BEGIN SUPPLIED INFORMATION

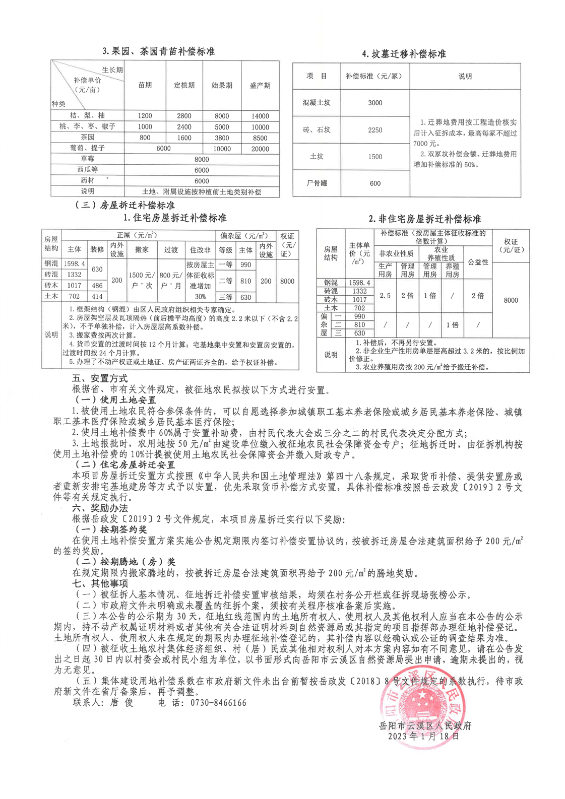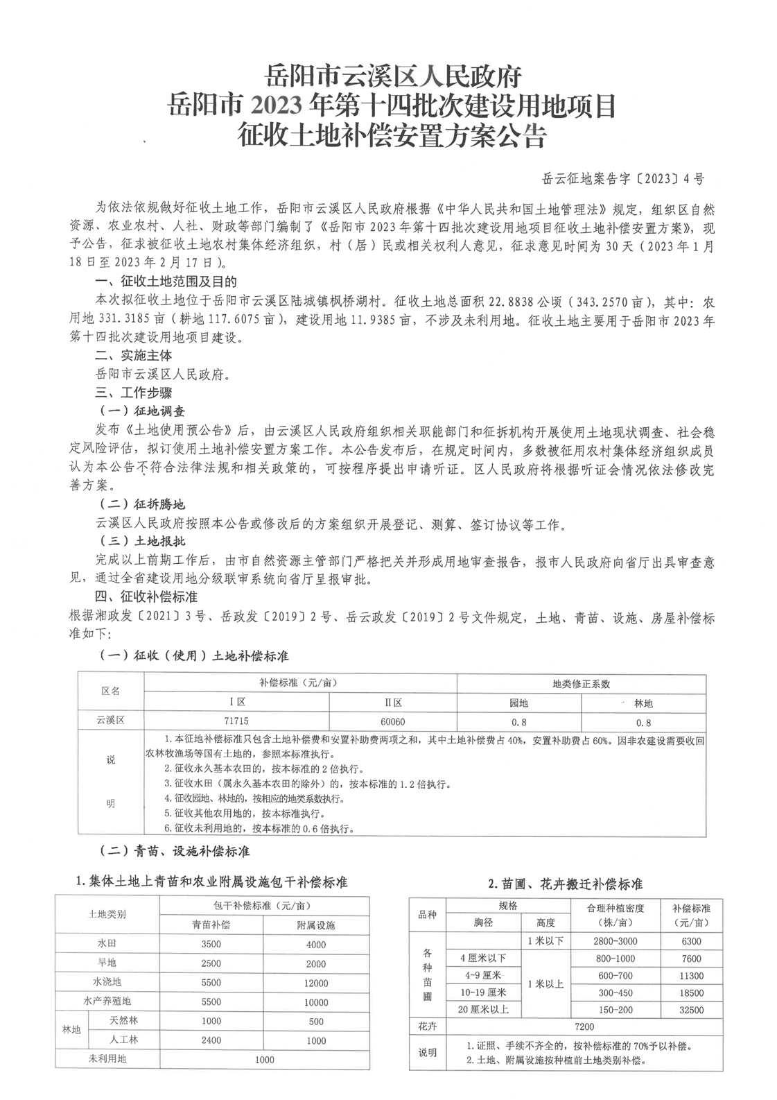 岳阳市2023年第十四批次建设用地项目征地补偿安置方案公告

END SUPPLIED INFORMATION
BEGIN SUPPLIED INFORMATION

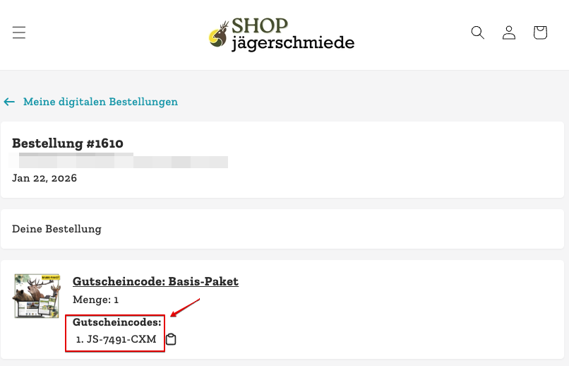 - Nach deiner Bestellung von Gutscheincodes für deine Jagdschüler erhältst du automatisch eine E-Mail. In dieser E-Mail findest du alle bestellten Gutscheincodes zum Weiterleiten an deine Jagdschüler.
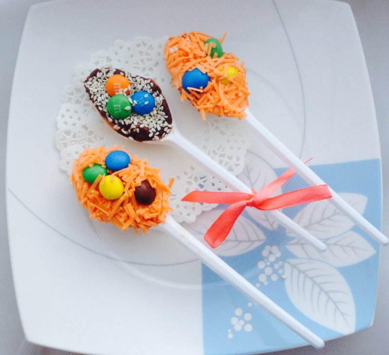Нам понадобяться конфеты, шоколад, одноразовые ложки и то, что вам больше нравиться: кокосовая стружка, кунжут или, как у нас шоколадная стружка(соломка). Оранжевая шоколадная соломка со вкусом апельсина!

END SUPPLIED INFORMATION

**REQUIREMENT:**
From the listing above, restate verbatim the lines running from the one with "- Nach deiner" through the one with "Нам понадобяться конфеты, шоколад, одноразовые", inclusive, but not the pictures.

**SOLUTION TO THE PROBLEM:**
 - Nach deiner Bestellung von Gutscheincodes für deine Jagdschüler erhältst du automatisch eine E-Mail. In dieser E-Mail findest du alle bestellten Gutscheincodes zum Weiterleiten an deine Jagdschüler.
Нам понадобяться конфеты, шоколад, одноразовые ложки и то, что вам больше нравиться: кокосовая стружка, кунжут или, как у нас шоколадная стружка(соломка). Оранжевая шоколадная соломка со вкусом апельсина!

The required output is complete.